5

So I just built a star-rating system and and trying to come up with an algorithm to list the "Top Rated" items. For simplicity, here are the columns:

item_name
average_rating (a decimal from 1 to 5)
num_votes

I'm trying to determine the "sweet spot" between number of votes and rating. For example...

  • An item rated (4.6 / 20 votes) should be higher on the list than an item that's (5.0 / 2 votes)
  • An item rated (2.5 / 100 votes) should be below an item that's (4.5 / 2 votes)

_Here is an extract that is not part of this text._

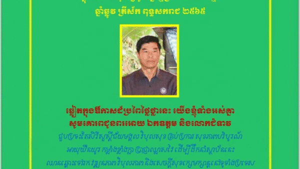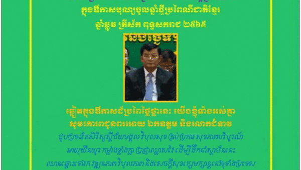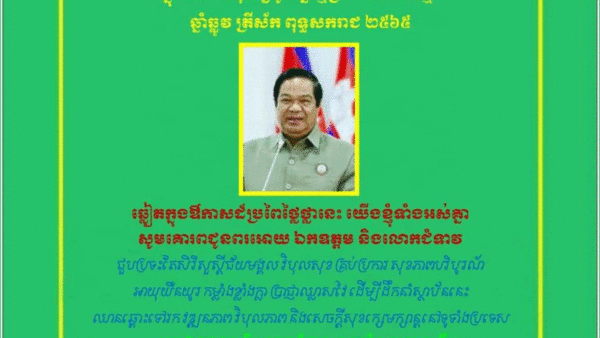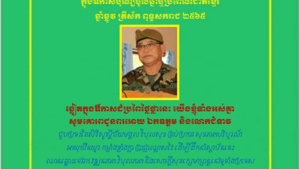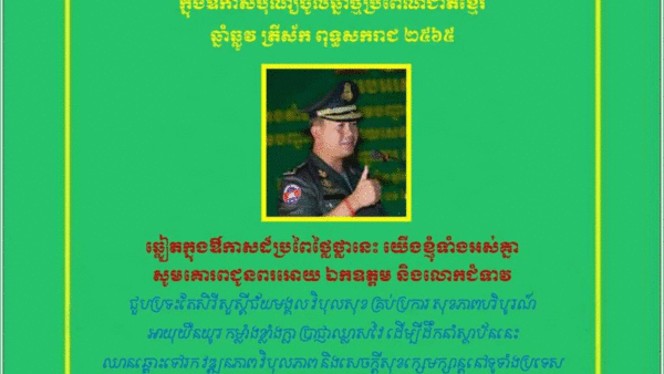 ឯកឧត្តម ឧត្តមសេនីយ៍ទោ ច័ន្ទ សុភ័ក្ត្រា មេបញ្ជាការតំបន់ប្រតិបត្តការសឹករងខេត្តព្រះវិហារ ផ្ញើរលិខិតជូន ឯកឧត្តម ប្រាក់ សុវណ្ណអភិបាលនៃគណៈអភិបាលខេត្តនិងជាប្រធានគណៈបញ្ជាការ ឯកភាពខេត្តព្រះវិហារ ក្នុងឱកាស បុណ្យចូលឆ្នាំថ្មី ប្រពៃណីជាតិ

So in other words, num_votes plays a factor in what's "Top".

Anyone know of an algorithm that is pretty good at determining this "sweet spot"?

Thanks in advance.

Matt
  • 3,778
  • 9
  • 35
  • 36

3 Answers3

10

here's another, statistically sound good way: http://www.thebroth.com/blog/118/bayesian-rating

longneck
  • 11,938
  • 2
  • 36
  • 44
  • 2
    To complement this, there's this option as well, that's a bit more intense: http://www.evanmiller.org/how-not-to-sort-by-average-rating.html Bayesian rating is probably much better though. It's an interesting other approach though. – brianreavis Sep 16 '09 at 15:18
  • This solution is good, but it has the disadvantage that you need to know the average number of votes and ratings! That means more[!] MySQL queries for each rating calculation. – tuergeist Sep 16 '09 at 15:27
  • that evanmiller.org page is the one i was actually looking for as that is also an excellent algorithm. i couldn't look it up at work because for some reason it's blocked by the content filter. – longneck Sep 16 '09 at 15:33
3

The question is, how much higher the 4.6/20 shall be rated than the 5.0/2...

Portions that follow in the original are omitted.